* **TASK OBJECTIVE**:
Word-for-word transcription: reproduce all of the data, but not the pictures.

* **EXERCISE MATERIALS**:
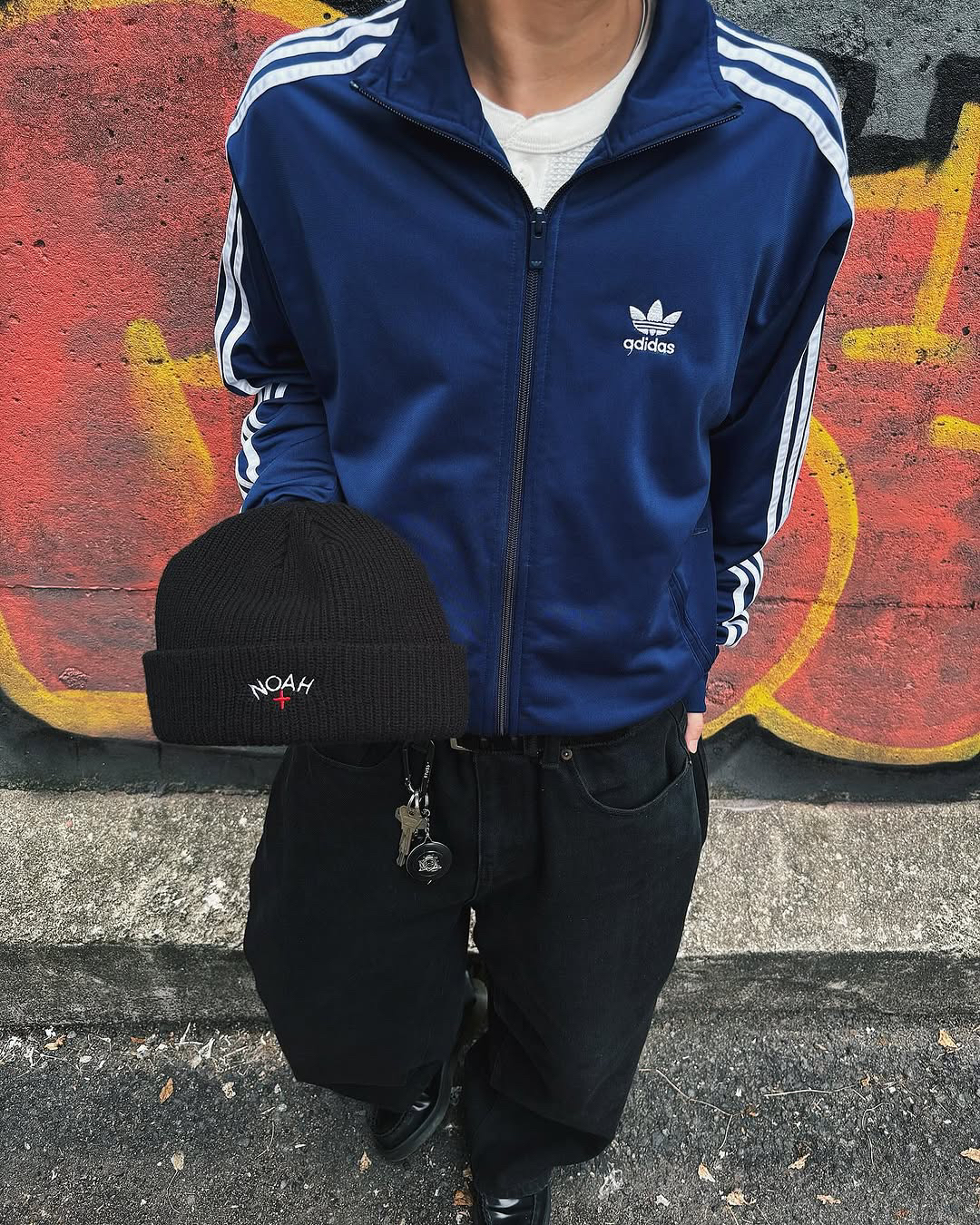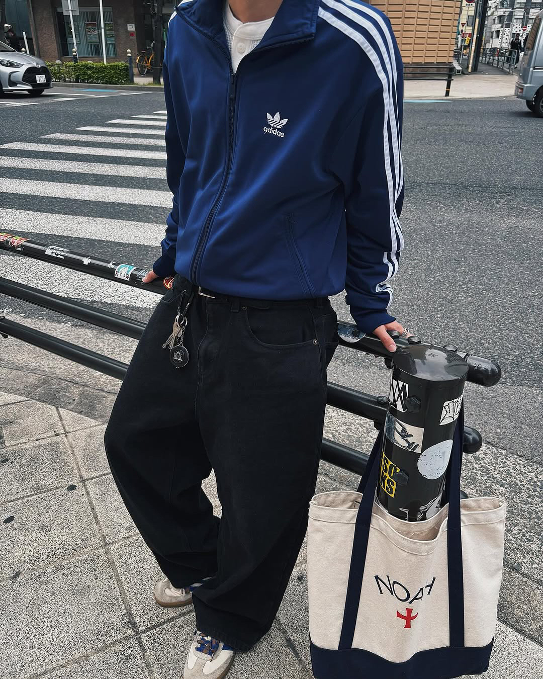 经典阿迪夹克,简约黑白条纹勾勒利落线条。搭配随性黑裤与复古板鞋,头戴针织帽,慵懒氛围感拉满。再拎上个性NOAH帆布袋,街头潮流感轻松拿捏,日常出街超吸睛。在喧嚣中寻一份独属于自己的宁静,至简随性才是潮流前线
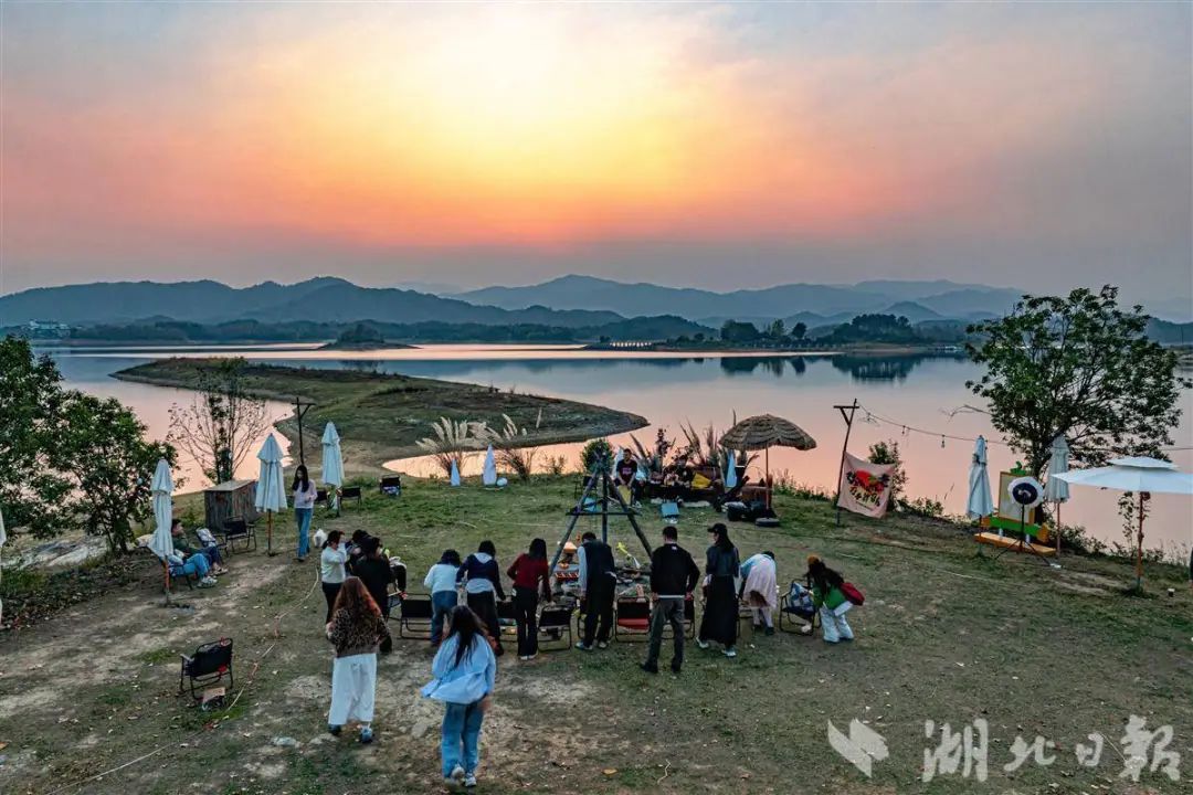 沿黃陂木蘭大道一路北行,“小千島湖”梅店水庫(kù)旁,藏著武漢的新晉網(wǎng)紅打卡地——山島里營(yíng)地。
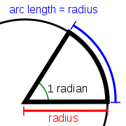 One radian is the angle subtended at the centre of a circle by an arc of circumference that is equal in length to the radius of the circle.
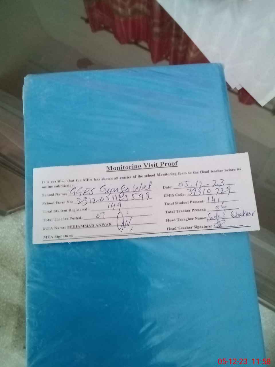 | Attendance Register | Head Teacher | MEA with School | Visit Proof |
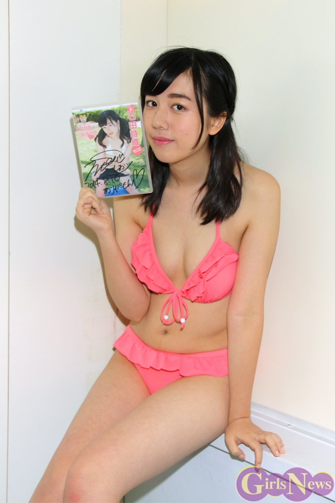 初めてのDVDに挑戦した感想を「最初は内容が想像できなくて、先輩の作品を見せてもらってこういうものなのかぁって分かりました。グラビアはやったことがなかったのですが、自分のやりたい女優業に生かせるかなと思って、やってみようと思いました。」と話した。
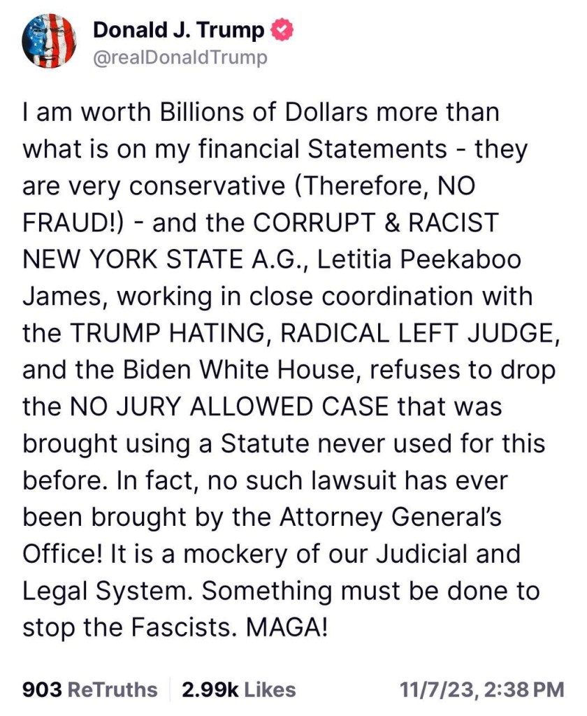 I am worth Billions of Dollars more than what is on my financial Statements – they are very conservative (Therefore, NO FRAUD!) – and the CORRUPT & RACIST NEW YORK STATE A.G., Letitia Peekaboo James, working in close coordination with the TRUMP HATING, RADICAL LEFT JUDGE, and the Biden White House, refuses to drop the NO JURY ALLOWED CASE that was brought using a Statute never used for this before. In fact, no such lawsuit has ever been brought by the Attorney Generalâs Office! It is a mockery of our Judicial and Legal System. Something must be done to stop the Fascists. MAGA! —DJT

* **WRITTEN RESPONSE**:
 经典阿迪夹克,简约黑白条纹勾勒利落线条。搭配随性黑裤与复古板鞋,头戴针织帽,慵懒氛围感拉满。再拎上个性NOAH帆布袋,街头潮流感轻松拿捏,日常出街超吸睛。在喧嚣中寻一份独属于自己的宁静,至简随性才是潮流前线
 沿黃陂木蘭大道一路北行,“小千島湖”梅店水庫(kù)旁,藏著武漢的新晉網(wǎng)紅打卡地——山島里營(yíng)地。
 One radian is the angle subtended at the centre of a circle by an arc of circumference that is equal in length to the radius of the circle.
 | Attendance Register | Head Teacher | MEA with School | Visit Proof |
 初めてのDVDに挑戦した感想を「最初は内容が想像できなくて、先輩の作品を見せてもらってこういうものなのかぁって分かりました。グラビアはやったことがなかったのですが、自分のやりたい女優業に生かせるかなと思って、やってみようと思いました。」と話した。
 I am worth Billions of Dollars more than what is on my financial Statements – they are very conservative (Therefore, NO FRAUD!) – and the CORRUPT & RACIST NEW YORK STATE A.G., Letitia Peekaboo James, working in close coordination with the TRUMP HATING, RADICAL LEFT JUDGE, and the Biden White House, refuses to drop the NO JURY ALLOWED CASE that was brought using a Statute never used for this before. In fact, no such lawsuit has ever been brought by the Attorney Generalâs Office! It is a mockery of our Judicial and Legal System. Something must be done to stop the Fascists. MAGA! —DJT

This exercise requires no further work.